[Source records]
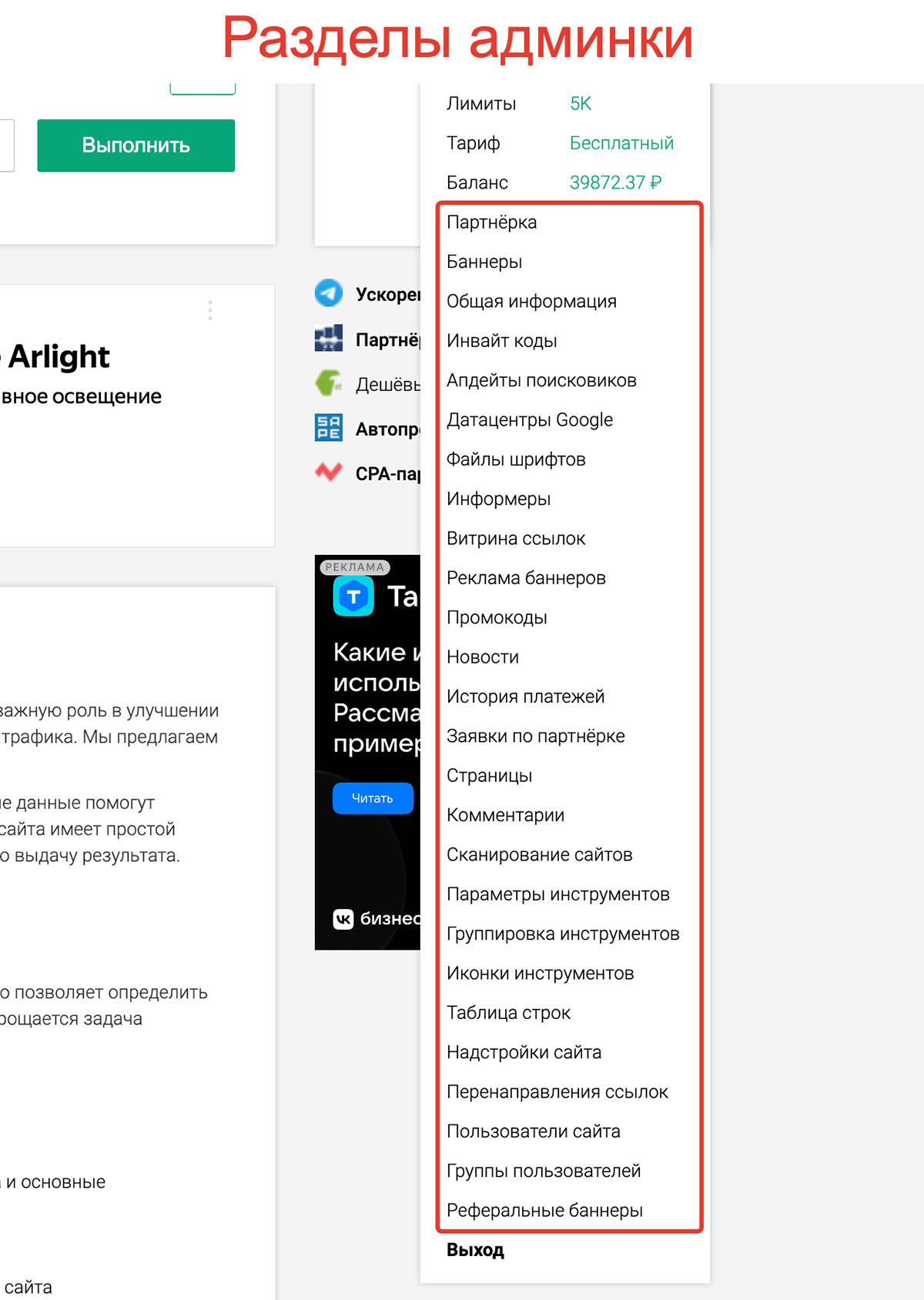 - и многое другое (см. скриншот "Разделы админки").
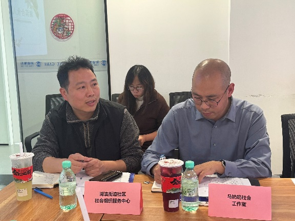 各单位探讨了如何通过创新模式,发挥资源最大化,接下来将结合“湖滨合伙人”数字化平台,提升志愿服务参与度和积分兑换覆盖率。吸引更多的居民和企业共同参与,双向奔赴。共创会特设“茶话私聊”环节,为各单位提供了更自由更深入的交流机会。其中,两家单位现场碰撞出合作的火花,开启深度合作的探索之旅。
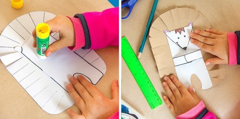 Лапки и мордочку согнули по линии сгиба. Тело намазали клеем и приклеили.
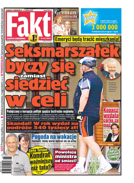 Emeryci będą tracić mieszkania; seksmarszałek byczy się zamiast siedzieć w celi – w rok wydał na podróże 540 tysięcy zł; pogoda na wakacje – sprawdź, kiedy warto wybrać się na urlop; na co pójdą pieniądze z podwyżek opłat za śmieci – politycy chcą je zmarnować na nowy urząd; Barca potrzebuje Lewego.
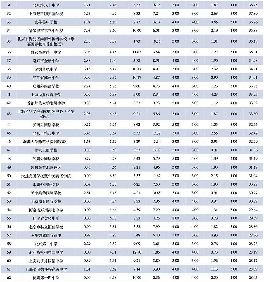 北京和上海为两个上榜学校最多的区域,且均为18所。分析这两个区域的上榜学校,会发现北京上榜的学校当中,只有7所私立学校,且排名最高的私立学校为35位。上海则有12所私立学校上榜,占到总数的2/3,且上海私立学校排位比较靠前,最高的为上海世界外国语中学,名列第六位,也是私立学校排位最前的学校。另外两个直辖市,即天津和重庆,在上榜学校数量上表现平平。

▶ What the exercise asks
Only one thing is required: an exact printout of the lines from the line containing "Emeryci będą tracić" through the last line of the records, pictures excluded.

▶ Response to this exercise
 Emeryci będą tracić mieszkania; seksmarszałek byczy się zamiast siedzieć w celi – w rok wydał na podróże 540 tysięcy zł; pogoda na wakacje – sprawdź, kiedy warto wybrać się na urlop; na co pójdą pieniądze z podwyżek opłat za śmieci – politycy chcą je zmarnować na nowy urząd; Barca potrzebuje Lewego.
 北京和上海为两个上榜学校最多的区域,且均为18所。分析这两个区域的上榜学校,会发现北京上榜的学校当中,只有7所私立学校,且排名最高的私立学校为35位。上海则有12所私立学校上榜,占到总数的2/3,且上海私立学校排位比较靠前,最高的为上海世界外国语中学,名列第六位,也是私立学校排位最前的学校。另外两个直辖市,即天津和重庆,在上榜学校数量上表现平平。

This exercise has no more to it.